Wonder-stock Next (LSE: NXT) on course to lift earnings by up to 15%
Next (LSE: NXT) gained 137p, or 4%, to 3,356p this morning after the retail chain lifted its profit guidance for the full year.
A trading statement today revealed first-half sales had climbed 4.5% and signalled annual profits should come in between £575 million and £620 million. Next had previously indicated profits would be between £560 million and £610 million.
Today's statement confirmed shareholders could expect profit growth of up to 9% for the twelve months to January 2013. Next also said a £200 million share-buyback programme could help current-year earnings advance by up to 15%.
Today's statement also underlined how Next remains one of the market's most resilient and shareholder-focused FTSE 100 (UKX) companies.
Since the credit crunch erupted during 2007, a combination of higher profits and regular buybacks has pushed earnings per share 74% higher and dividends per share 84% higher. During the last ten years, earnings per share have advanced 340% while the dividend has been raised 227%.
Naturally the share price has been a very strong performer.

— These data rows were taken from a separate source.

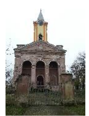
Figure 2. The "Haulik" Greek-Catholic Church

<u>Monuments erected in the honour of heroes</u>. A first monument, dedicated to the memory of the heroes of World War I, is located in the Cemetery of Periam. It was built in 1927 with money collected by the inhabitants. At present, there is not much to see and admire of it because it has been seriously damaged. A second monument (Figure 3) , dedicated to the heroes of World War II, is located in the park, in front of the Haulik Church. It is a square piece of marble with the names of the heroes on it; on the front side of the monument, there is a bas-relief representing a wounded soldier. The third monument is dedicated to the anonymous soldier. It is located opposite the Haulik Church, in the park.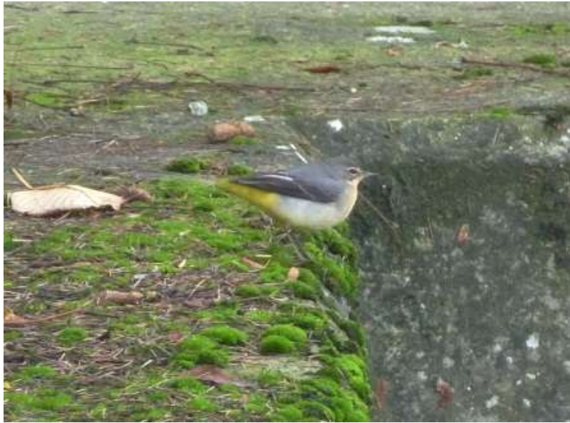
Grey Wagtail at East India Dock Basin

7 October 2015, Tower Hamlets Cemetery Park: 1 Coal Tit, 2 Chiffchaffs, 4+ Goldcrests but no sign of any Firecrests (Bob Watts).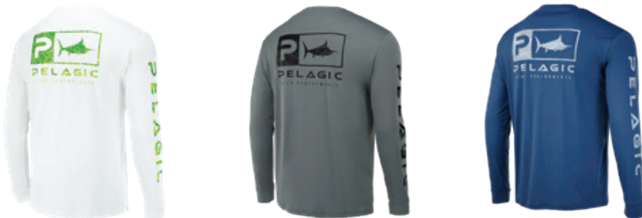
DORADO GREEN 1015211006 | GRN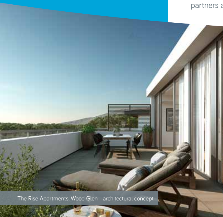
The Rise Apartments, Wood Glen - architectural concept

Our ultimate goal is to create integrated communities with ongoing interaction between our residents, their family and networks, our partners and the surrounding community.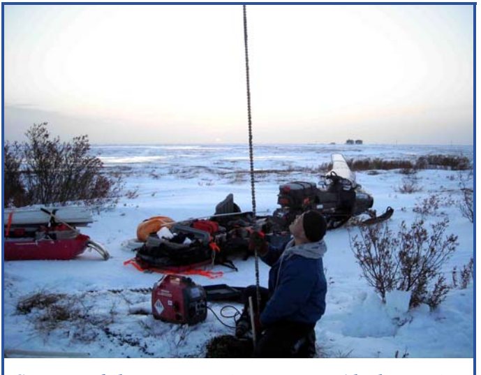
Snow mobile traverse in western Alaska spring 2009, drilling at Eek.

and AMSR-E) with an emphasis on water equivalent mass changes of Eurasian and North American watersheds as related to permafrost changes.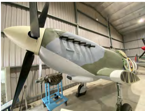
Even I can tell this will never fly

A wonderful days outing, I think all those who attended would agree.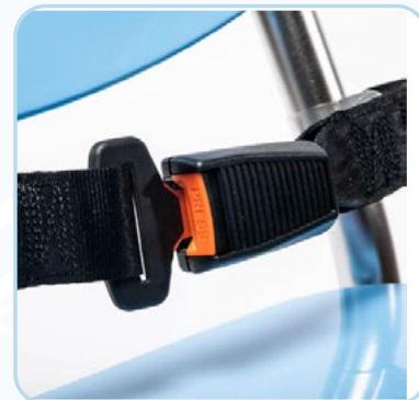
SAFETY BELT WITH QUICK DETACHING SYSTEM

Indeed, it has been one-way traffic since 2008, when the shares hit a banking-crash low of 838p.
In fact, since the chain's deep troubles in the early 90s, Next's shares have been among the most impressive in the London market. The price touched just 12.75p during 1991 as the group flirted with bankruptcy, but anyone smart enough to buy then and hold on would now be sitting on a 262-fold capital gain.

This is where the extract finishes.